I do not have Mac OS device to sniff Bluetooth traffic, so I know only theoretically.

[ursusursus]

@steam3d "which data to send"? is the precise battery not in the ble packet be read?

[steam3d]

@ursusursus The BLE packet contains encrypted data. When you charge your AirPods you can see that when AirPods battery level changes the encrypted data also changes. So my guess that encrypted part contains MAC hash and extra information.

AirPods does not have BLE Battery Gatt based on my test. If you dig into reverse engineering you will find that AirPods controls by service (AAP or hided custom GUID) on L2CAP layer.

I do not have a mac to sniff Bluetooth traffic from AirPods, but I think that iCloud key that used to encrypt data does not required if AirPods already paired because the connection is already secure after pairing headphones to device so maybe it is possible to connect to this service.

In common words it's possible but it required a lot of work.

[ursusursus]

So the unencrypted stuff, i.e. the 12-13 index for battery level, is them being nice with community, and it's actually not read by iphone/mac?

[adolfintel]

It's been almost 4 years since I did the original work on this app, but I remember that encrypted data not changing with battery level. I think iOS either "guesses" the percentage based on an estimated charge/discharge rate (I remember seeing wild fluctuations in the percentage during my initial testing so this could definitely be the case) or it communicates the information in some other way over the main bluetooth connection that I wasn't able to even detect.

[steam3d]

iPhone uses this information.

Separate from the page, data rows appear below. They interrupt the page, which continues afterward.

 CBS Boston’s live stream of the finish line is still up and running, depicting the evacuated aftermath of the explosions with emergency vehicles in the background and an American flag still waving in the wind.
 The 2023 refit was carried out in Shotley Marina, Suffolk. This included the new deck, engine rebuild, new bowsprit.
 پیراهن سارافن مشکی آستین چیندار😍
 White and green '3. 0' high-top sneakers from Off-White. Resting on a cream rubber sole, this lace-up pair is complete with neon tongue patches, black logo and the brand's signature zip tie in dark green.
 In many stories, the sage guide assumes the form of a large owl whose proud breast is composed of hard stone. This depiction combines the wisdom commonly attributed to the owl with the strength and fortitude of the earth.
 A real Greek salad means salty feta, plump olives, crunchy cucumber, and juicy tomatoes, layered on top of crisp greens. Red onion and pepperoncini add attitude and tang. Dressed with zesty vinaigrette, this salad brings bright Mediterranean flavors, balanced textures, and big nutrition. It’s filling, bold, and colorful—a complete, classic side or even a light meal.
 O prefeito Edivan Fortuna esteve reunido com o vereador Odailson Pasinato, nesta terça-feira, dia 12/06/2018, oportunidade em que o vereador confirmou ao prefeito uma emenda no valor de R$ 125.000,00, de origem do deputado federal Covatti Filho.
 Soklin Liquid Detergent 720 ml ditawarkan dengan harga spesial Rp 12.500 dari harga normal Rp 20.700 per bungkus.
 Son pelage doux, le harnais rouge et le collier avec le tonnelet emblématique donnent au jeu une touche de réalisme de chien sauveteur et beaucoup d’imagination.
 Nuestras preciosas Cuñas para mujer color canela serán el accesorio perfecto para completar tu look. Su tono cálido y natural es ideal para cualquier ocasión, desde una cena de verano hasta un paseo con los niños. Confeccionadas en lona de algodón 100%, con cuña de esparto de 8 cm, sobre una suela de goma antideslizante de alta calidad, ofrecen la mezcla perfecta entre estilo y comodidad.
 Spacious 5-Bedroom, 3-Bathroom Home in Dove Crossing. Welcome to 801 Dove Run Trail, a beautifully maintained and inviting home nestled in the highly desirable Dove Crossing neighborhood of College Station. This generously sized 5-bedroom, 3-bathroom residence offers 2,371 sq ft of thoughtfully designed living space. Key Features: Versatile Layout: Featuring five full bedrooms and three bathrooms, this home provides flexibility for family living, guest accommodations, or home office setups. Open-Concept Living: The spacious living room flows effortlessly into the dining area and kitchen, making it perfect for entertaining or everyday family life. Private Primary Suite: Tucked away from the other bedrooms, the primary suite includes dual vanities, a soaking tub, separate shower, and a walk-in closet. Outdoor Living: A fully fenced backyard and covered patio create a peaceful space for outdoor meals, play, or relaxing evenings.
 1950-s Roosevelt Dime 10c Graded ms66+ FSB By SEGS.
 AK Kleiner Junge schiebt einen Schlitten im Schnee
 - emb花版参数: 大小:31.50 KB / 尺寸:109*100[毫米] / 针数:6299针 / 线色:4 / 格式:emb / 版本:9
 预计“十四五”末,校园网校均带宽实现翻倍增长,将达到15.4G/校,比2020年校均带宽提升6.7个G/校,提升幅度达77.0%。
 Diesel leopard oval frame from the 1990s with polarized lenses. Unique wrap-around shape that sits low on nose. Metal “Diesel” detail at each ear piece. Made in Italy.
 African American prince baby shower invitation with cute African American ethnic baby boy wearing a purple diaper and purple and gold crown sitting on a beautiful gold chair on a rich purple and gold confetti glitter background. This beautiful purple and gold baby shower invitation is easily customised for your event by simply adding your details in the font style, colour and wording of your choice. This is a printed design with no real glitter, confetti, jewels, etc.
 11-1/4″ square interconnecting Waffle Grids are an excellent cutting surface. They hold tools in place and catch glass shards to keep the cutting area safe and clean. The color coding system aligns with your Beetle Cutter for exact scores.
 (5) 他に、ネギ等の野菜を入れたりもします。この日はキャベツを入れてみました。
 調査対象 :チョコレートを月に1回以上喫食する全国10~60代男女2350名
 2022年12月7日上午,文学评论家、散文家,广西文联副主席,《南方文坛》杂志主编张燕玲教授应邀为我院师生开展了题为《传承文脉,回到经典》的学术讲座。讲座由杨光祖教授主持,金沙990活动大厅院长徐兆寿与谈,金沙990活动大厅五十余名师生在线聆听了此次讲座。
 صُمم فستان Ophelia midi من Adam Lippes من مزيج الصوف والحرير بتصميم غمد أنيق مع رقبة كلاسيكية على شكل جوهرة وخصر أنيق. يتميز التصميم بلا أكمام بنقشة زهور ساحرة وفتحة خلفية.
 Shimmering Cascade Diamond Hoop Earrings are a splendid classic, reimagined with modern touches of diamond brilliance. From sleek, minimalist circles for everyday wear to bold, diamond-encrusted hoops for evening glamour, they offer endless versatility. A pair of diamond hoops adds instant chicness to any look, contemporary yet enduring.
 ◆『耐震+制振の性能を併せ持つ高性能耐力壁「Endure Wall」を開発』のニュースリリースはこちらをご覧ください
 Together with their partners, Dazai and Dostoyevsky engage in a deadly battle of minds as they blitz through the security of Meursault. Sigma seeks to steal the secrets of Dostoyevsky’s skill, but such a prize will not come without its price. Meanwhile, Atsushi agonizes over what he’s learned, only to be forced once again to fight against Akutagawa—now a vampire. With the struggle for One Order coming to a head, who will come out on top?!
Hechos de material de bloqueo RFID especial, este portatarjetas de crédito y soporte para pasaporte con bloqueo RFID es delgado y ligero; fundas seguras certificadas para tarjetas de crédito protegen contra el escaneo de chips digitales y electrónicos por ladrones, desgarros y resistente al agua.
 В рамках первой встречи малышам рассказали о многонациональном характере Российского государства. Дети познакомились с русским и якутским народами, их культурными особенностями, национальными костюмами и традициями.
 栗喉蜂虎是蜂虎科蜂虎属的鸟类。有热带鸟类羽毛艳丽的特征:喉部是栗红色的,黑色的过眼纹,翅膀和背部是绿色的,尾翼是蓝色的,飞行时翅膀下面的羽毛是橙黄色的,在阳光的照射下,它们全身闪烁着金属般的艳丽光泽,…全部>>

But if you send for example Left: 10%, Right 25%, Case 90% but different encrypted data each time you will get different result on iPhone.

Public battery level somehow linked with encrypted data. I made experiment using raspberry Pi but I could not find any dependencies.

@adolfintel I can repeat experiment with raspberry Pi to get a fresh data, but I am not sure it will help us.

[steam3d]

If anyone has access to Apple Documentation as developer you can get usable information about Bluetooth and recommendation from Apple to vendors how to create IOT devices that use some of principals of AirPods and Find My protocol.

[fischejo]

According to this paper MagicPairing: Apple’s Take on Securing Bluetooth Peripherals, the last 0x10 bytes of the paired message (same protocol has a paired and pairing message with different byte length.) constitutes to the "Magic Pairing" field. Following is described in chapter 4.3:

4.3 MagicPairing AirPods Advertisements In addition to the pairing mechanism provided by MagicPairing, it also offers the capability to decrypt BLE advertisements sent by the AirPods. These advertisements have been shown to be linkable to AirPods in general [ 20]. Advertisements notify other Apple devices of the presence of the AirPods and encode battery state information. When an iOS device receives advertisements for a pair of AirPods that belong to the same Apple ID as the iOS device, a pop-up shows an AirPod image, the name of the AirPods, and the current battery state. The encrypted part constitutes the MagicPairing data. A new key is introduced, which is called MagicPairing EncryptionKey.

This might explain the hash-like nature of the bytes.